* [GOAL OF THE EXERCISE]: Lines to restate from the data below: from the one containing "Balıkesir Büyükşehir Belediyesi, Vasıf" to the one containing "Itsukushima Shrine and", both included. Give them again exactly, and only them.

* [EXERCISE MATERIAL]:
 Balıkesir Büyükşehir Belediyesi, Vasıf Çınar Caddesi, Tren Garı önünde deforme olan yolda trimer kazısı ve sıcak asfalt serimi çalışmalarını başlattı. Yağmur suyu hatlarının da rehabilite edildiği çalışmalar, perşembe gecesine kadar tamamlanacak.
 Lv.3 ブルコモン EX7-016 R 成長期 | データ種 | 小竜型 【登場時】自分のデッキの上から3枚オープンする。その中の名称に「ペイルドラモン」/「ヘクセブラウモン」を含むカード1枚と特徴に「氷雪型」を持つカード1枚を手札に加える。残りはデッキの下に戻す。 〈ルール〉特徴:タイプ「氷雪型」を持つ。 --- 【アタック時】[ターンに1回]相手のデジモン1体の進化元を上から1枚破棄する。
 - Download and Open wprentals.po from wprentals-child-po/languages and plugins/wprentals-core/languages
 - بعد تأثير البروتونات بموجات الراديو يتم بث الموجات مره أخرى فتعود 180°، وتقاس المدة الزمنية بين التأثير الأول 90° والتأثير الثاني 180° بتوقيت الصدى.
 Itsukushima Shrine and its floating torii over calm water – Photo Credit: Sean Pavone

...

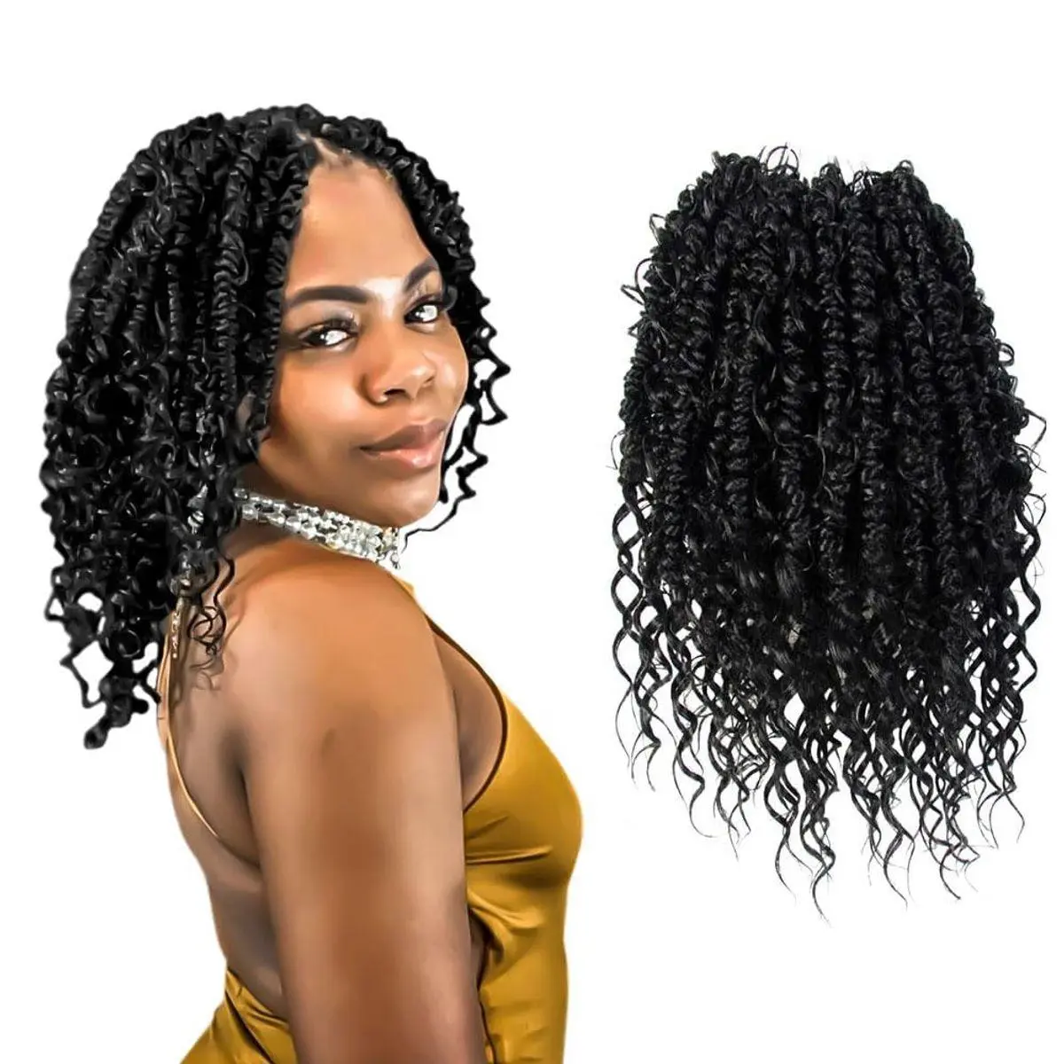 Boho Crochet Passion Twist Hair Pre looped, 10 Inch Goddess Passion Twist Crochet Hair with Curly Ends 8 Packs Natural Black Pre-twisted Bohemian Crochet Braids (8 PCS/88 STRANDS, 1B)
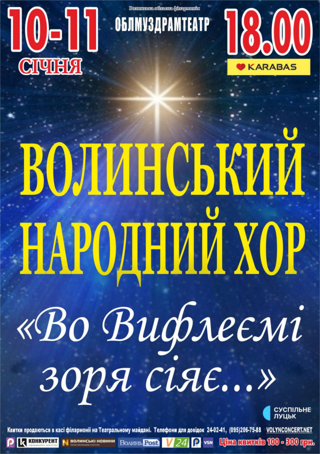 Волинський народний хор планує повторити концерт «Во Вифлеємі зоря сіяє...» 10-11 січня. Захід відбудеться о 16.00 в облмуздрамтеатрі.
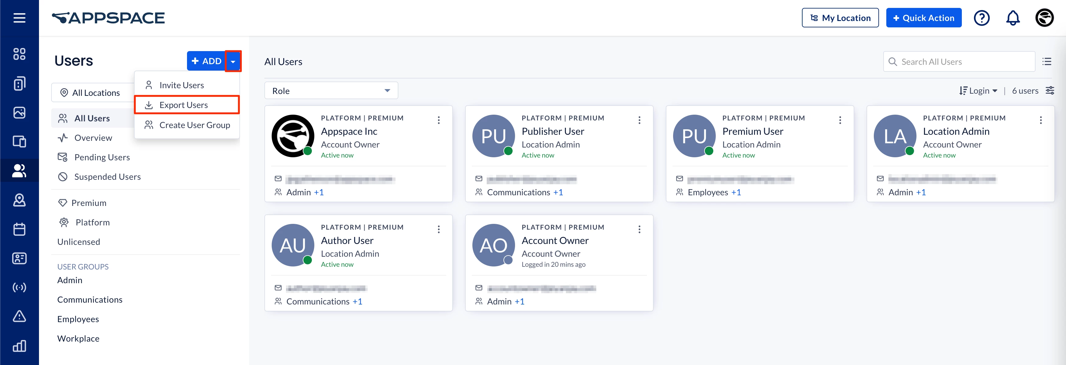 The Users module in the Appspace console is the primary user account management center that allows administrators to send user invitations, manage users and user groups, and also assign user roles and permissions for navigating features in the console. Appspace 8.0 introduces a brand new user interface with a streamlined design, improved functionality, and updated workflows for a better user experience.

...

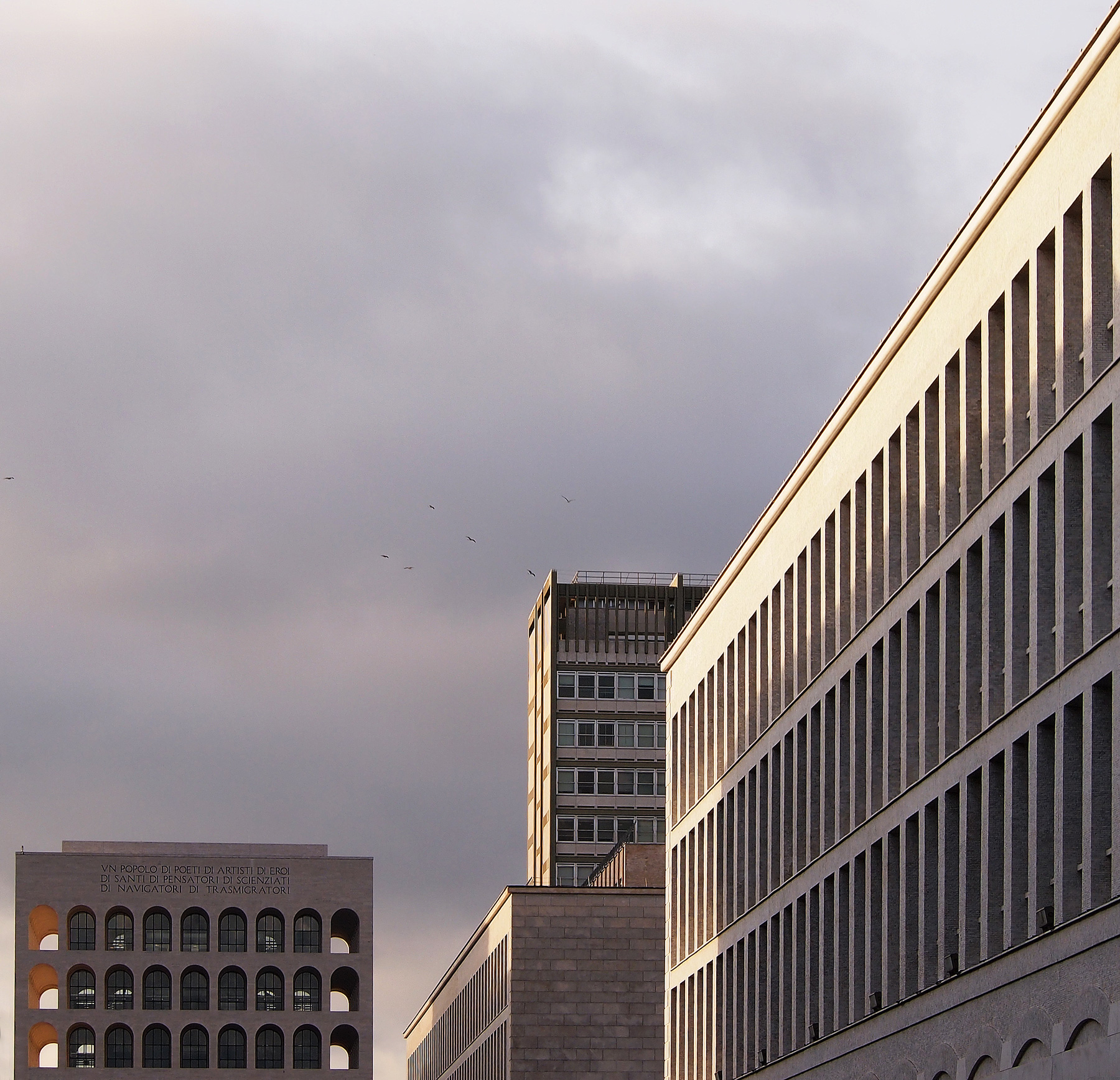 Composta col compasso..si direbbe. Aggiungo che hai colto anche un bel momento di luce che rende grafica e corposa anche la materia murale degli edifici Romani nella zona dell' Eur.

* [YOUR RESPONSE]:
 Balıkesir Büyükşehir Belediyesi, Vasıf Çınar Caddesi, Tren Garı önünde deforme olan yolda trimer kazısı ve sıcak asfalt serimi çalışmalarını başlattı. Yağmur suyu hatlarının da rehabilite edildiği çalışmalar, perşembe gecesine kadar tamamlanacak.
 Lv.3 ブルコモン EX7-016 R 成長期 | データ種 | 小竜型 【登場時】自分のデッキの上から3枚オープンする。その中の名称に「ペイルドラモン」/「ヘクセブラウモン」を含むカード1枚と特徴に「氷雪型」を持つカード1枚を手札に加える。残りはデッキの下に戻す。 〈ルール〉特徴:タイプ「氷雪型」を持つ。 --- 【アタック時】[ターンに1回]相手のデジモン1体の進化元を上から1枚破棄する。
 - Download and Open wprentals.po from wprentals-child-po/languages and plugins/wprentals-core/languages
 - بعد تأثير البروتونات بموجات الراديو يتم بث الموجات مره أخرى فتعود 180°، وتقاس المدة الزمنية بين التأثير الأول 90° والتأثير الثاني 180° بتوقيت الصدى.
 Itsukushima Shrine and its floating torii over calm water – Photo Credit: Sean Pavone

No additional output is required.